[Task statement] All of the data below should be printed again exactly, pictures excluded.

Dataset excerpt below:

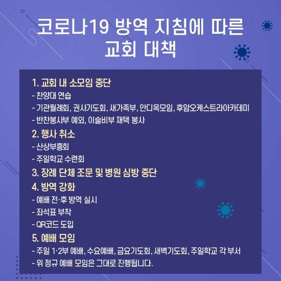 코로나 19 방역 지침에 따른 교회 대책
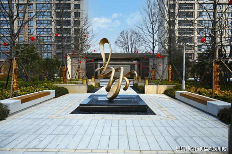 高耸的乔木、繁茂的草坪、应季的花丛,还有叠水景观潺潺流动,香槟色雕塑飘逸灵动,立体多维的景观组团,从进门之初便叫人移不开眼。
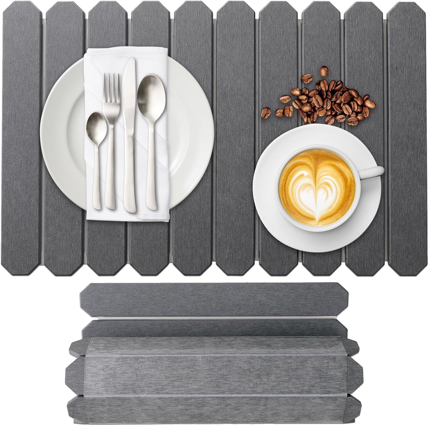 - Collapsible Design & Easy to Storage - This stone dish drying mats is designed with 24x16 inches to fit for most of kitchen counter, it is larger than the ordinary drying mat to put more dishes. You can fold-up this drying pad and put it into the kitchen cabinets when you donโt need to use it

End of Dataset excerpt.

[Answer space]
 코로나 19 방역 지침에 따른 교회 대책
 高耸的乔木、繁茂的草坪、应季的花丛,还有叠水景观潺潺流动,香槟色雕塑飘逸灵动,立体多维的景观组团,从进门之初便叫人移不开眼。
 - Collapsible Design & Easy to Storage - This stone dish drying mats is designed with 24x16 inches to fit for most of kitchen counter, it is larger than the ordinary drying mat to put more dishes. You can fold-up this drying pad and put it into the kitchen cabinets when you donโt need to use it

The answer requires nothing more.